START SUPPLIED MATERIAL

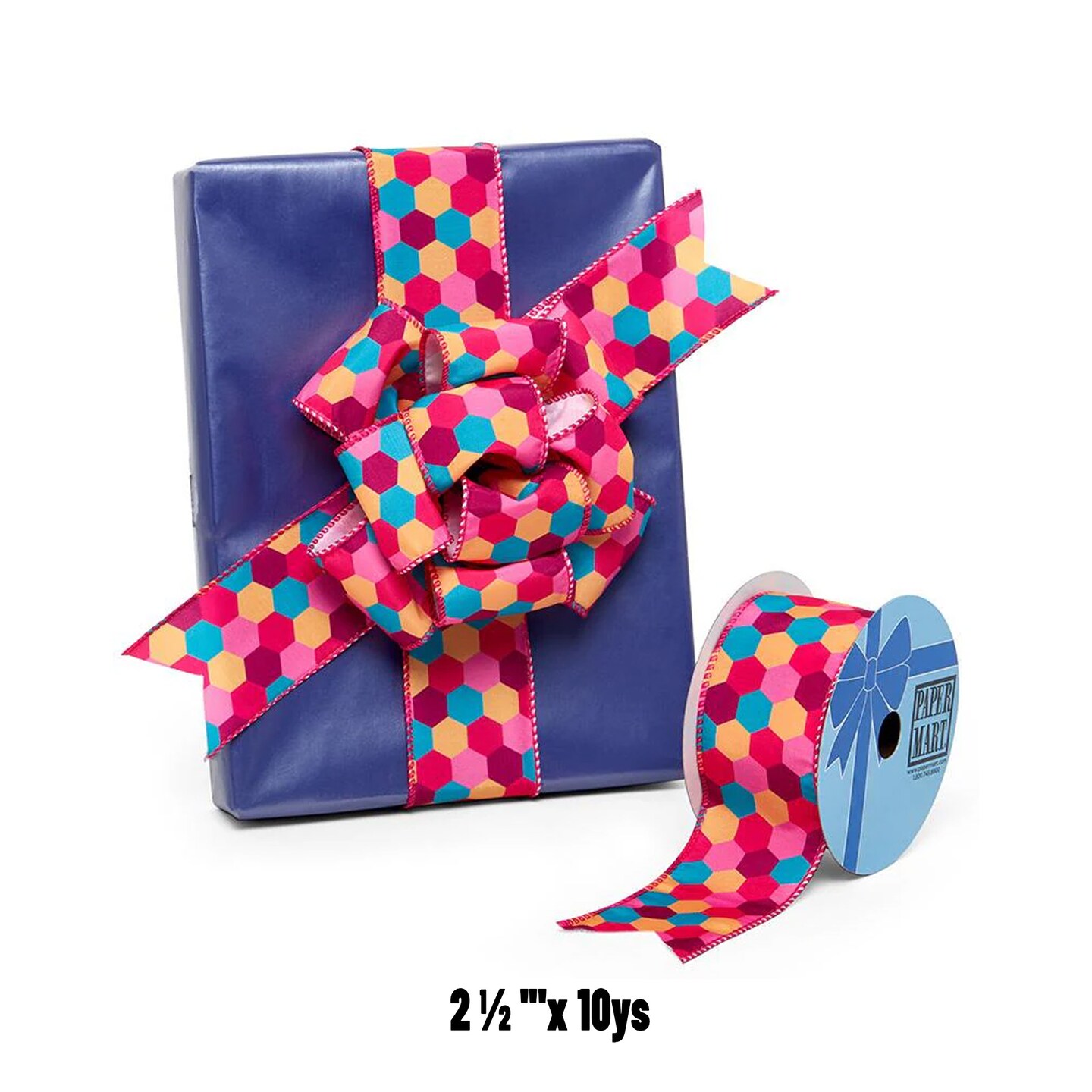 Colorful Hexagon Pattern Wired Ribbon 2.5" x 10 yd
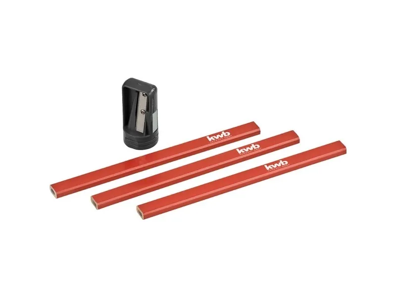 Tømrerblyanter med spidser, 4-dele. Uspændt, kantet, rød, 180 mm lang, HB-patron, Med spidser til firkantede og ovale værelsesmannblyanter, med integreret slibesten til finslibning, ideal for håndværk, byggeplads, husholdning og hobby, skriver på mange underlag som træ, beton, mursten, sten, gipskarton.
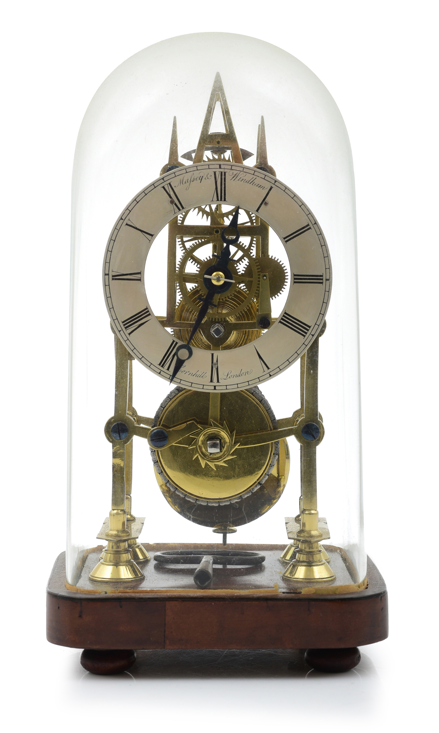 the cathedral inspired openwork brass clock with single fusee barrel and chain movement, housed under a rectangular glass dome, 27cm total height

END SUPPLIED MATERIAL

_WORK TO COMPLETE_:
Where images occur in the data above, leave them out and repeat everything else exactly.

_EXERCISE RESPONSE_:
 Colorful Hexagon Pattern Wired Ribbon 2.5" x 10 yd
 Tømrerblyanter med spidser, 4-dele. Uspændt, kantet, rød, 180 mm lang, HB-patron, Med spidser til firkantede og ovale værelsesmannblyanter, med integreret slibesten til finslibning, ideal for håndværk, byggeplads, husholdning og hobby, skriver på mange underlag som træ, beton, mursten, sten, gipskarton.
 the cathedral inspired openwork brass clock with single fusee barrel and chain movement, housed under a rectangular glass dome, 27cm total height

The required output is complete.